[YOUR INSTRUCTIONS] Count how many lines in the data below include "from". Answer with the number only.

::: ENTRIES SHOWN

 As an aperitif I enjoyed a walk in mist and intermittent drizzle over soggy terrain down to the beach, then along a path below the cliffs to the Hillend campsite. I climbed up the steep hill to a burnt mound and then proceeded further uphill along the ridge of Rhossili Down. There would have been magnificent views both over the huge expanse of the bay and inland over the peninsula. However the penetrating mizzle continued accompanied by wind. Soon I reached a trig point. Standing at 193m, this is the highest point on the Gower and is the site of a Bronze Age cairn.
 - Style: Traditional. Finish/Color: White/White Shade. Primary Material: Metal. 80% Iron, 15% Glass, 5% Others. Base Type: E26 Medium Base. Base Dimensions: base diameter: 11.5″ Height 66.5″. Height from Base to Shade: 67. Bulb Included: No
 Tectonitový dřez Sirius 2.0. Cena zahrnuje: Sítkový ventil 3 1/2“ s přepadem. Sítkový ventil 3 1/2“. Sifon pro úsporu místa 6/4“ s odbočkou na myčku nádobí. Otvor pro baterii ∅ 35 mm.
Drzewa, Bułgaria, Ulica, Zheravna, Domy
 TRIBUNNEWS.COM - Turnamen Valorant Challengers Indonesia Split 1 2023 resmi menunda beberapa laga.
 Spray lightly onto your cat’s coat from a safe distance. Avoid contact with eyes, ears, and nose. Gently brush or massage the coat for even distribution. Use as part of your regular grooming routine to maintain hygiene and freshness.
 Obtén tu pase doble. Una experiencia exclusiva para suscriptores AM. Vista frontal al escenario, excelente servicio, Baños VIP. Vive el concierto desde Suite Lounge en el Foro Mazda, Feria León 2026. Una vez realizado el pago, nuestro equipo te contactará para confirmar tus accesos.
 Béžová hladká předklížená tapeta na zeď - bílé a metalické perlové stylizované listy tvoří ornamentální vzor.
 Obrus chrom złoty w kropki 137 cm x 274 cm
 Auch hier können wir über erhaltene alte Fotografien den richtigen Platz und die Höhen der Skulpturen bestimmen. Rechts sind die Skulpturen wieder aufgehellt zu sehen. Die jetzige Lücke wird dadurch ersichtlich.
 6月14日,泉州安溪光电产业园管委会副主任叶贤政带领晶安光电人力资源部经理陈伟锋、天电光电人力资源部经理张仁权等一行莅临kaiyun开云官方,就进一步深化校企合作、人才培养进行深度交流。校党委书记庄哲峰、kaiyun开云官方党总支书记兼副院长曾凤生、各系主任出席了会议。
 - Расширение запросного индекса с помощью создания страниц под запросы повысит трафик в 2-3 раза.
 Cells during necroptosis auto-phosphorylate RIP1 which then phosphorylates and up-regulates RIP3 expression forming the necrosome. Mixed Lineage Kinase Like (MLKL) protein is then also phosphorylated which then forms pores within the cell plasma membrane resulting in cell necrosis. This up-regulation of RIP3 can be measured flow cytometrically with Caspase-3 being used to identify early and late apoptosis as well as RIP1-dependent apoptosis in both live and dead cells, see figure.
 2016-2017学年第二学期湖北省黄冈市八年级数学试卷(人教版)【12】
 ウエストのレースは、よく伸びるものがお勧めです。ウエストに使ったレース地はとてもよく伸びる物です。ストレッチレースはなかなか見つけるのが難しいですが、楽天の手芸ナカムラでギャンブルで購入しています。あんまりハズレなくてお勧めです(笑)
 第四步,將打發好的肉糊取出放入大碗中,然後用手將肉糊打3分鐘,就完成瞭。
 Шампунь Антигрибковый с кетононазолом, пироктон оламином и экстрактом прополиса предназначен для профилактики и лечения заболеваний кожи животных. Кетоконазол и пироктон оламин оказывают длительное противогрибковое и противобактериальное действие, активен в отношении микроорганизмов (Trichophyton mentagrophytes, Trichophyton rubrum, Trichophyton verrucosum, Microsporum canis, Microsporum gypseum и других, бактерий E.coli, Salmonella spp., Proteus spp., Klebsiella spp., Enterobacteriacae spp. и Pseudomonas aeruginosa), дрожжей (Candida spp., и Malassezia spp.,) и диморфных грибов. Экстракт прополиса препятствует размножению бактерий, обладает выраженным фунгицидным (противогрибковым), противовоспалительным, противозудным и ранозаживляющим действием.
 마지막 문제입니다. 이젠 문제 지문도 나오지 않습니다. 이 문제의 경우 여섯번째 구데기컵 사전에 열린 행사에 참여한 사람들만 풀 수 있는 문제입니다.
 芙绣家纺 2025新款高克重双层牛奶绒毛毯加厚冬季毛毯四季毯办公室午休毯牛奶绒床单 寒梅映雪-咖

::::::

[RESPONSE] 2